Oil Siege
- Correspondent
- Dec 18, 2025
- 3 min read
Washington’s oil squeeze of Venezuela risks collective punishment without significant political gain.

US President Donald Trump’s declaration of a “total and complete blockade” of Venezuelan oil shipments marks a sharp escalation in America’s long-running campaign against Nicolás Maduro. Framed as an enforcement action against sanctioned tankers and ‘ghost ships,’ the move in effect threatens the single remaining artery of Venezuela’s economy. Oil, besides being Venezuela’s principal export, is the state’s last functioning source of cash, patronage and political survival. Choking it further may deepen the country’s misery but it is far from clear that it will loosen Maduro’s grip on power.
Venezuela has been living under American oil sanctions for six years. In that time, Caracas has perfected the art of evasion. Crude has been sold quietly at heavy discounts, mostly to China, via a shadow fleet of ageing tankers, frequent ship-to-ship transfers and creative paperwork. The proceeds have been meagre, but sufficient to keep the lights on in the presidential palace. Trump’s blockade aims to disrupt this system by raising the risks and costs of moving Venezuelan oil at all.
The economic consequences could be severe. Venezuela produces roughly one million barrels a day - just 2 percent of global output but almost all of its export earnings. Analysts warn that exports could fall by as much as half if sanctioned tankers are seized regularly or deterred from docking. Storage capacity is limited. If oil cannot be shipped, production will have to be shut in, potentially slashing output by hundreds of thousands of barrels a day. For a country already hollowed out by hyperinflation, mass emigration and institutional decay, the shock would be brutal.
This would not be Venezuela’s first oil collapse. Production once exceeded three million barrels a day in the early 2000s. Years of corruption, underinvestment and political purges at PDVSA, the state oil company, drove output to a nadir of 350,000 barrels a day by 2020. A modest recovery followed, helped by sanctions-busting exports and a limited easing of American restrictions. The blockade now threatens to reverse even that fragile rebound.
The pain will be felt unevenly. Chevron, operating under a special American licence, continues to ship oil to the United States and accounts for about a tenth of Venezuela’s production. But even this arrangement starves Caracas of cash: Chevron pays taxes and royalties in crude, not dollars. The real blow will fall on exports to Asia, particularly China, which takes around 80 percent of Venezuelan crude. Discounted barrels will grow cheaper still, if buyers are willing to risk them at all. Billions of dollars in annual revenue could vanish.
Trump has accused Maduro of using oil income to fund ‘drug terrorism’ and criminality, and casts America’s growing naval presence in the Caribbean as an extension of its war on narcotics. Yet the optics are awkward. Since September, American forces have seized dozens of vessels and killed at least 95 people, including fishermen. For Caracas, the blockade fits neatly into a familiar narrative of imperial aggression and resource theft.
The deeper problem is strategic.

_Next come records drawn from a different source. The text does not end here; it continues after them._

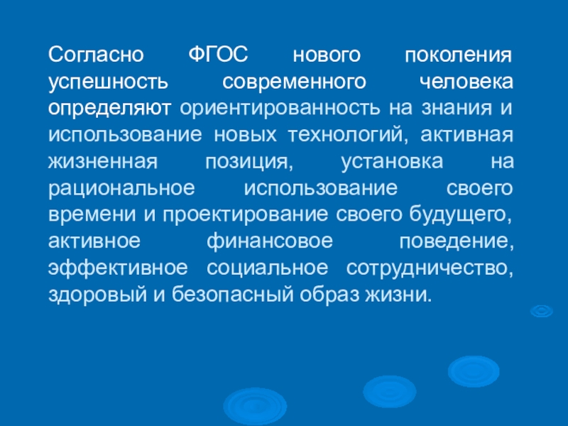 Слайд 2Согласно ФГОС нового поколения успешность современного человека определяют ориентированность на знания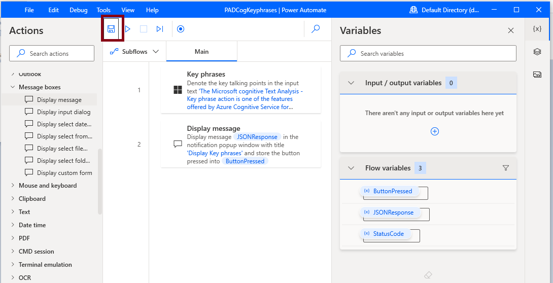 Now, Save the PADCogKeyPhrases Desktop Flow,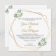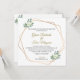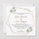 Um belo e elegante convite para o casamento. Com um quadro geométrico dourado e elementos florais e verdes, este convite tem um design espantoso que certamente impressiona os seus amigos e familiares.

Sanctions have undeniably impoverished Venezuela. They have not, however, produced political change. Maduro has survived by shrinking the economy, dollarising informally, tolerating pockets of private enterprise and relying on loyal security forces. As the state’s revenues fall, the burden shifts to ordinary Venezuelans, not the ruling elite. A sharper oil squeeze may accelerate emigration, not democratisation.
Any sudden loss of Venezuelan barrels nudges oil prices upward, as markets already hinted after the blockade was announced. China, meanwhile, will weigh how much it is willing to antagonise Washington to secure discounted crude.
A blockade that halves Venezuela’s exports will not dislodge its authoritarian ruler. It will merely crush an economy already on life support, pushing ordinary Venezuelans deeper into penury while the political elite insulates itself, as it always has. Oil has long been Venezuela’s curse as well as its blessing. By turning it into a chokehold, Washington may deepen the tragedy without resolving it. Siege economics can break states but they rarely reform them.